A Point of Agreement and a Project

I recently wrote a post on the controversy over gender roles and sexuality happening in evangelicalism.  Then two weeks ago I saw a very thought provoking documentary called MissRepresentation which took a critical look at the way that women are portrayed in American media (whether it be in advertising, movies/television, or even the way women leaders are discussed in the news), a theme brought even more into the limelight by Rush Limbaugh’s most recent set of controversial remarks and the fallout that has resulted from them.  The film brought to light a number of really remarkable and alarming statistics and I highly recommend everyone watch the documentary (for a preview, see the trailer below).

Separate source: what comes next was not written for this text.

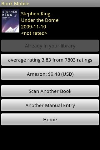 Catalog your personal library at home or in the store (not a book reader). Book Mobile will scan the ISBN barcode, look up the book in your google.books.com library. You can add it. You can read reviews & ratings, compare at Amazon, or follow the menu links to more information.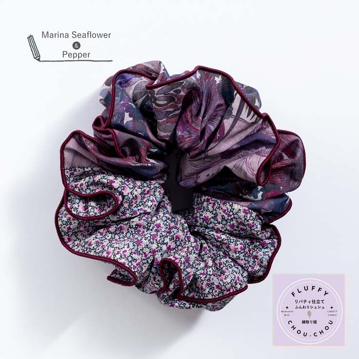 - リバティ複数柄(マリーナ・シーフラワー & ペッパー)仕立てふんわり シュシュ

Miss Representation 8 min. Trailer 8/23/11 from Miss Representation on Vimeo.

Now, I bring this up because I think that this film highlights a point at which those of both a conservative and a more progressive persuasion can find some significant agreement.  While they may reach this conclusion for very different reasons, I think both sides of the issue can agree that the way women are objectified and sexualized in American media is wrong.  So, despite the numerous other disagreements that surround the issue of women’s role in society, I think that we should do something productive with the area of agreement that does exist.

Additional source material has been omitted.